Even with local caches, I would expect a high incidence of change to trigger something sensible to mitigate this kind of craziness from happening. I am sure enough people have had incorrectly scaled RADIUS farms blow up when a load of DSLAMS vanish and come back again not to repeat such storms.

Anybody who puts their rpki cache someplace that isn't accessible until they
get the rpki initialized gets what they deserve.

One solution is to have directly-connected rpki caches available to all your bgp edge routers throughout your entire network. This may turn out to be expensive capex-wise, and will turn out to be yet another critical infrastructure item to maintain, increasing opex.

Alternatively, you host rpki caches on all your AS-edge routers => upgrades - and lots of currently-sold kit will simply not handle this sort of thing properly.

Once you realize this, the rest of the "what do we do for routing until
it comes up" concern trolling in the rest of that paragraph becomes
pretty easy to sort out...

I humbly apologise for expressing concern about the wisdom of imposing a hierarchical, higher-layer validation structure for forwarding-info management on a pre-existing lower layer fully distributed system which is already pretty damned complex...

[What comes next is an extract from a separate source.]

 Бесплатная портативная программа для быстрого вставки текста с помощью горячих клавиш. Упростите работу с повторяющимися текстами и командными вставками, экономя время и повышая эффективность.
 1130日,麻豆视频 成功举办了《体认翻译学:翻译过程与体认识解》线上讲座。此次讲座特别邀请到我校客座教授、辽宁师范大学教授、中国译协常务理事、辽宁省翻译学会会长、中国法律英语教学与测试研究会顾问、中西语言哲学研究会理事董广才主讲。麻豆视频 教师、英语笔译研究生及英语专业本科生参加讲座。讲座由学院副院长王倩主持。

What's that principle called again? Was it "Keep It Complex, Stupid"? I can't seem to remember :slight_smile:

Caching just enough to validate the routes you need to get to a more capable
rpki server shouldn't have a high write life-cycle.

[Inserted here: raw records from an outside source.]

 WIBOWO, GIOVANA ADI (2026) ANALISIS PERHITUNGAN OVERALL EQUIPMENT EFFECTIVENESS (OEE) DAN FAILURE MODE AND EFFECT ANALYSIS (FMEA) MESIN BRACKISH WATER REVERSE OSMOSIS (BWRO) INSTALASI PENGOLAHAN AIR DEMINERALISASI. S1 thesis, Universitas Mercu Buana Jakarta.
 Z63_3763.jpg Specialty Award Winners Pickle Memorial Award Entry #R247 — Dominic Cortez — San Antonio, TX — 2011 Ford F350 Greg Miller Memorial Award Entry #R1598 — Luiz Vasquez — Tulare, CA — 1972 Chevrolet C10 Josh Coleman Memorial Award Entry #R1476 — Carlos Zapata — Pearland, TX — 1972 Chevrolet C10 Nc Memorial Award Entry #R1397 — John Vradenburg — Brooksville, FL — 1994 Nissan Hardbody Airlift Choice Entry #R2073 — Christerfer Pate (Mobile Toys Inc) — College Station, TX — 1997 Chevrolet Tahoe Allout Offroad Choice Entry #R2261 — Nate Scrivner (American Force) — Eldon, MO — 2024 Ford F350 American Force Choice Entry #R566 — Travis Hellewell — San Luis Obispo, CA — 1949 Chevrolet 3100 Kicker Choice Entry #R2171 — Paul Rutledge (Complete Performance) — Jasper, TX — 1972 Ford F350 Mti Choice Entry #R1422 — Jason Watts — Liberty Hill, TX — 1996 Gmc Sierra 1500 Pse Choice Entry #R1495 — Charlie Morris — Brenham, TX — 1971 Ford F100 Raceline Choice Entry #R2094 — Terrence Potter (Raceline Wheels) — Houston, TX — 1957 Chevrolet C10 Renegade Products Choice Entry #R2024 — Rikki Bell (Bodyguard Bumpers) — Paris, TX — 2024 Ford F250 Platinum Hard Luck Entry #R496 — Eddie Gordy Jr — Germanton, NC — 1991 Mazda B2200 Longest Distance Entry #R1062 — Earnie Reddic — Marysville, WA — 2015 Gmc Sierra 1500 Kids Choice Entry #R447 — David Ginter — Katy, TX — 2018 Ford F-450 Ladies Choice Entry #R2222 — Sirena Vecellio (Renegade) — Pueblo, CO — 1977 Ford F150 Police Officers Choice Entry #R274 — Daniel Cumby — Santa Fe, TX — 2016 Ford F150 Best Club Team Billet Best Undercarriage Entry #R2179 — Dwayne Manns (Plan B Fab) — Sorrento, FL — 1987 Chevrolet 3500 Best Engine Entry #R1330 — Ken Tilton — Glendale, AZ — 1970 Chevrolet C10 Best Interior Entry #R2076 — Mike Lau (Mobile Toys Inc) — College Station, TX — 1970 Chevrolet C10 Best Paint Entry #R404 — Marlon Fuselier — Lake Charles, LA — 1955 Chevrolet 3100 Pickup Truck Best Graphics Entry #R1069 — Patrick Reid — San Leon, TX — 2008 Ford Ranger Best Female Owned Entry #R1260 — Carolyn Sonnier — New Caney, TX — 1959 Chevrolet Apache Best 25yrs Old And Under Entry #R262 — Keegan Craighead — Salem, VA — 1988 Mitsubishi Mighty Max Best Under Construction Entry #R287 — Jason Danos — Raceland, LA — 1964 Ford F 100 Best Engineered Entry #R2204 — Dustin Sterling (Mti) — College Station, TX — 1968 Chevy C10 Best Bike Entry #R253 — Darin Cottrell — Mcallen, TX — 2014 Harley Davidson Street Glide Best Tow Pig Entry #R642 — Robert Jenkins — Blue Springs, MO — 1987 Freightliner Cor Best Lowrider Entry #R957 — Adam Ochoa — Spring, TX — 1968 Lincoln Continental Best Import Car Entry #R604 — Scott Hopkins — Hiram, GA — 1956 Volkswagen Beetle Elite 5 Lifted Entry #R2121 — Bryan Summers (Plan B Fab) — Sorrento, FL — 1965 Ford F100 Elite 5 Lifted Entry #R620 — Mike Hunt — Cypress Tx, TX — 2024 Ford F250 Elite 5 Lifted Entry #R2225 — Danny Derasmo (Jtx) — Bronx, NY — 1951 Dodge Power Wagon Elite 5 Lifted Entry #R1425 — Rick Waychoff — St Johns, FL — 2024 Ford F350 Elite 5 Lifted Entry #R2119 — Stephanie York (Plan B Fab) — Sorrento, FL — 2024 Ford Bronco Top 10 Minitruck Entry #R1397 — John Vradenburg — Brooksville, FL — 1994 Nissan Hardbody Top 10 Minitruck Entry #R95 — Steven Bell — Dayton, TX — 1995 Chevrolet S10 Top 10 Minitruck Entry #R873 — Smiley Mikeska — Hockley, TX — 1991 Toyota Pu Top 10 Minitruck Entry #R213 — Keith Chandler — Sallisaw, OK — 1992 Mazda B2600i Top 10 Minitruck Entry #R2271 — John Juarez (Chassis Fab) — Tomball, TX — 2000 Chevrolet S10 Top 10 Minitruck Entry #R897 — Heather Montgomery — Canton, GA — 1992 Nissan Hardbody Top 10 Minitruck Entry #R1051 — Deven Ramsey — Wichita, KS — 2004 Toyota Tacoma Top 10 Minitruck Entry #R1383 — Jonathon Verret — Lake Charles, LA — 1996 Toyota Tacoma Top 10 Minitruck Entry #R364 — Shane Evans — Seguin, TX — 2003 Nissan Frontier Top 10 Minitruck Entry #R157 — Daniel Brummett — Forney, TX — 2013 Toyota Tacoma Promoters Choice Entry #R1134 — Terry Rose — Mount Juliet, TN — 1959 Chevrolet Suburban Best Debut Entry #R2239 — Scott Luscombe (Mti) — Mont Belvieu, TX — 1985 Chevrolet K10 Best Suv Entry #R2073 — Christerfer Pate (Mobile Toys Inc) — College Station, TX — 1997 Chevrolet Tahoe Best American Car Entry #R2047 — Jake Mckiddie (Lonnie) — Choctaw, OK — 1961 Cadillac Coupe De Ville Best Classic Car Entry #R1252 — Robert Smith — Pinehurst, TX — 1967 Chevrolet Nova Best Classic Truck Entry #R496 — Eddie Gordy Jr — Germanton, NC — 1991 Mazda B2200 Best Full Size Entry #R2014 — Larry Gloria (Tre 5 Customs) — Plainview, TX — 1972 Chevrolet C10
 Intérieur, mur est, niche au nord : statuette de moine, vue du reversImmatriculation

Lots of older flash isn't going to like this => higher implementation cost due to upgrades.

Heck, you could just manually
configure a host route pointing to the rpki server...

Yep, hard coding things - good idea, that.

And it would hardly be the first time that people have been unable to deploy
feature XYZ because it wouldn't fit in the flash on older boxes still in
production.

This is one of several points I'm making: there is a cost factor here, and it's not clear how large it is.

Nick